The House Appropriations Committee has reinstated a condition in 2020 spending bills which prohibit embryonic gene editing. The amendment was passed in a vote of the full House Appropriations Committee on Tuesday afternoon.

Without the amendment, U.S. scientists would be able to approve and conduct clinical trials that would involve the creation or modification of human embryos.

Almost a week and a half after a congressional subcommittee passed a draft of the annual appropriations bill omitting the rider, an amendment to reinsert the ban passed with near unanimous consent Tuesday afternoon.

Since 2016, the appropriations bill has contained language that bans the Food and Drug Administration from performing research in clinical trials "in which a human embryo is intentionally created or modified to include a heritable genetic modification."

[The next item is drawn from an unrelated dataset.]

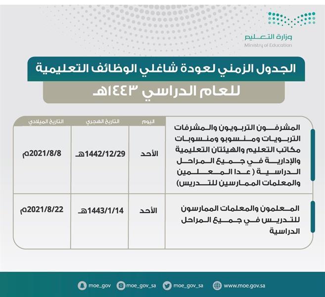 أعلنت وزارة التعليم، اليوم (الأربعاء)، مواعيد عودة شاغلي الوظائف التعليمية للعام 1443هـ وفقاً للجدول الزمني.
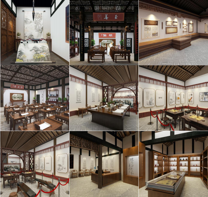 展廳運用古樸的色彩,按照“修舊如舊”的規劃設計原則,充分尊重書院歷史文化,充分展示書院文化內容與文化魅力,傳播與傳承優秀文化,加強了空間感和濃郁的傳統文化氣息。

On May 24, the Agriculture, Rural Development, Food and Drug Administration, and Related Agencies subcommittee, which is chaired by Rep. Sanford Bishop, Jr. (D-GA), approved a version of the bill that omitted the ban on gene editing.

Rep. Jeff Fortenberry (R-NE), the ranking member of the subcommittee, spoke at the Tuesday meeting in favor of maintaining the prohibition on embryonic gene editing. Fortenberry said that human genetic experimentation is loaded with ethical questions largely unaddressed by researchers.

"If we cede this framework of science and ethics to maverick bioengineers who are detached from larger societal considerations, the risks of harm are real, and we will divert these resources away from real, viable alternatives," said Fortenberry.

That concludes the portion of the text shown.